There are several interesting observations from the nearest neighbors analysis:

  1. In case of fingerprints reductions the nearest neighbors are far away from the queried molecules in the latent chemical space.
  2. For the reduced learned representations of the molecules in the test set we can see that the nearest neighbors are very close to the queried molecules in the latent chemical space. This is expected as the models were trained to predict the target value and therefore the representations of the molecules that are close in the latent chemical space should have similar target values.
  3. The bottom right plot of Figure 3, showcasing the EGNN + FPs combination reveals very interesting pattern — the reduced chemical space reminds the combination of the reduced chemical spaces of the EGNN and FPs. EGNN’s reduced chemical is more “sparse”, while the representation that learned by MLP is more dense but much more spread out. Another interesting observation is that the combined chemical space is more structured due to the presence of some clustered fragments, which is not present in case of both EGNN and MLP.

Additionally we analyzed the nearest neighbors for 4 different molecular scaffolds. The results for 3 of them are present in Figure 4.

Figure 4. Nearest neighbors for 3 different molecular scaffold instances. Top molecule for each cell is the closest molecule to the queried molecule in the latent chemical space, the bottom molecule is the second closest molecule.

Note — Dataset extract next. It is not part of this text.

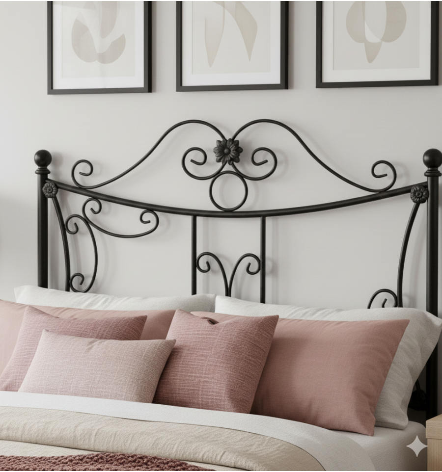 Este cabecero de forja barato también cuenta con una muesca en la parte trasera que te permitirá fijarlo a la pared mediante una alcayata. De esta manera, podrás asegurarte que se mantenga en su sitio y no se desplace.

From the Figure 4 we can make some additional observations:

Overall, the key takeaway is that the more effectively a model performs in the supervised learning phase (excluding the RNN), the more meaningful its nearest neighbors are in terms of molecular structure resemblance. While fingerprint similarity still yields closely matched molecules, the results are not as insightful as those from GNNs, which capture molecular structures with greater nuance and expressiveness.

Conclusion

Results of modalities mixing

Modalities mixing is a very interesting and promising approach for the problems in the field of molecular machine learning. However, architectures should be desinged carefully to achieve the best performance. In our work we showed that simple concatenation of the representations learned by different models can lead to worse performance on the downstream tasks.

Future work

The obvious direction of future work — to experiment with different architectures for modalities mixing. Another interesting direction is to use the mixed modalities for the generative molecular modeling as string methods still perform better than majority of 3-D generative approaches even though the latter one is more natural. Therefore, it would be interesting to explore the combination of the string and 3-D graph representations for the generative modeling.